如何传递单个列因变量来训练线性回归模型？

Question

I am new to Machine learning and started course on Simple Linear Regression model recently.我是机器学习的新手，最近开始学习简单线性回归模型。

I have a dataset where except for a column id (integer type), all the columns are of String datatype.我有一个数据集，除了列id （整数类型）之外，所有列都是String数据类型。 And I have loaded it into a pandas dataframe and selected indexes out of it as below.我已将其加载到 pandas 数据框中并从中选择索引，如下所示。

The pandas dataframe has total 32 columns and the 33rd column is the dependent variable column that just says YES or NO . pandas 数据框共有 32 列，第 33 列是因变量列，仅显示YES或NO 。 Using all the independent variables (columns 0 to 31), I am trying to find if I can predict the values in column 32 which is my dependent variable.使用所有自变量（第 0 列到第 31 列），我试图找出是否可以预测第 32 列中的值，这是我的因变量。

data = psyco.read_into_pandas()
X = data.iloc[:, 1:33].values
Y = data.iloc[:, 32].values

# Add missing values
imputer = SimpleImputer(missing_values=np.nan, strategy='most_frequent', add_indicator=True)
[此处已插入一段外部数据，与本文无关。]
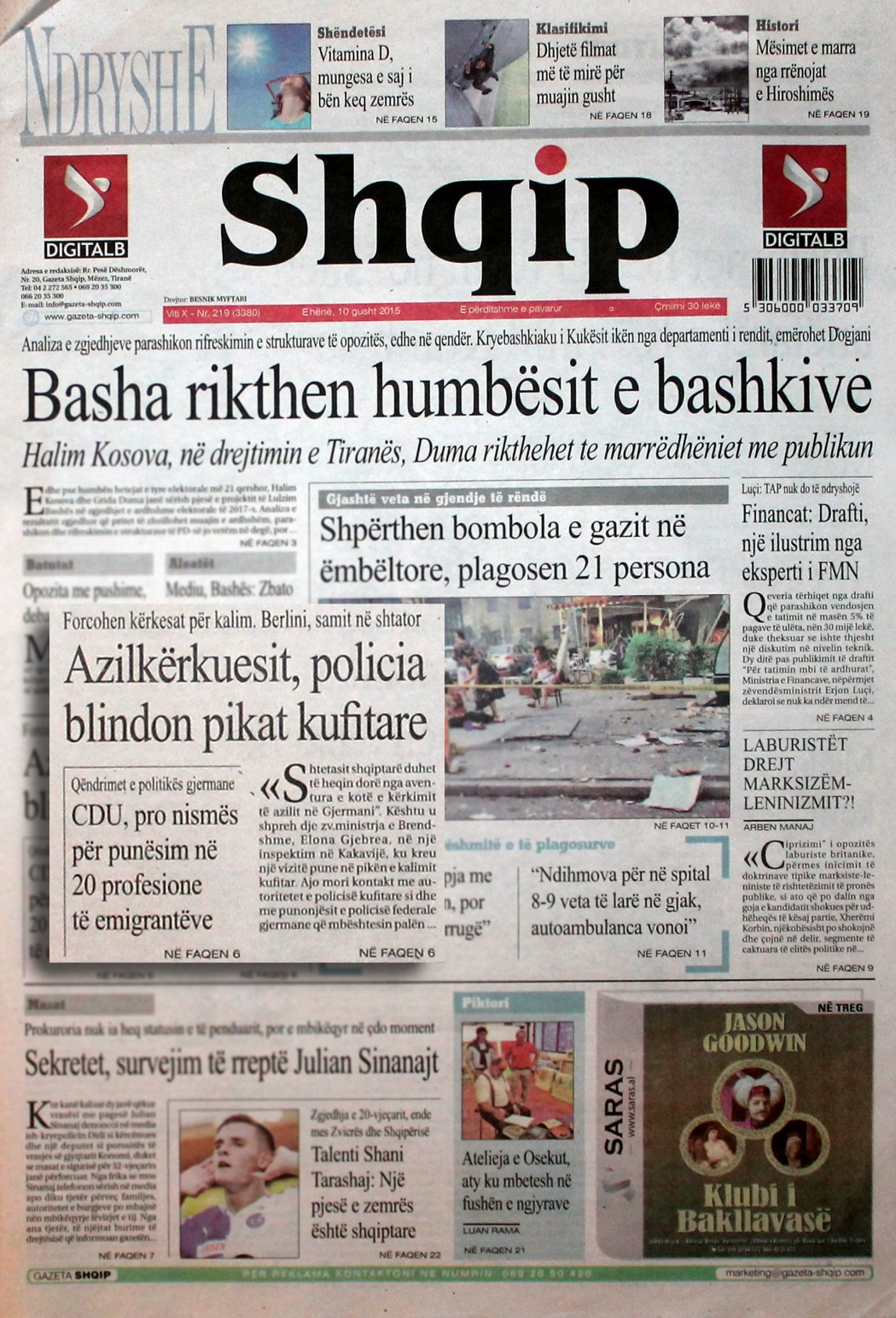 Faqja e pare e Gazetes Shqip, 8 Qershor 2015

# Fit the rows and columns into the imputer
imputer.fit(X[:, 1:33])

# Transform the data.
X[:, 1:33] = imputer.transform(X[:, 1:33])

# One hot encoding
ct = ColumnTransformer(transformers=[('encoder', OneHotEncoder(), [1, 2, 3, 4, 5, 6, 7, 8, 9, 10, 11, 12, 13, 14, 15, 16, 17, 18, 19, 20, 21, 22, 23, 24, 25, 26, 27, 28, 29, 30, 31])], remainder='passthrough')
X = np.array(ct.fit_transform(X))

# Label Encoder
le = LabelEncoder()
Y = le.fit_transform(Y)

# Split data into train and test data
X_train, X_test, Y_train, Y_test = train_test_split(X, Y, test_size=0.2, random_state=0)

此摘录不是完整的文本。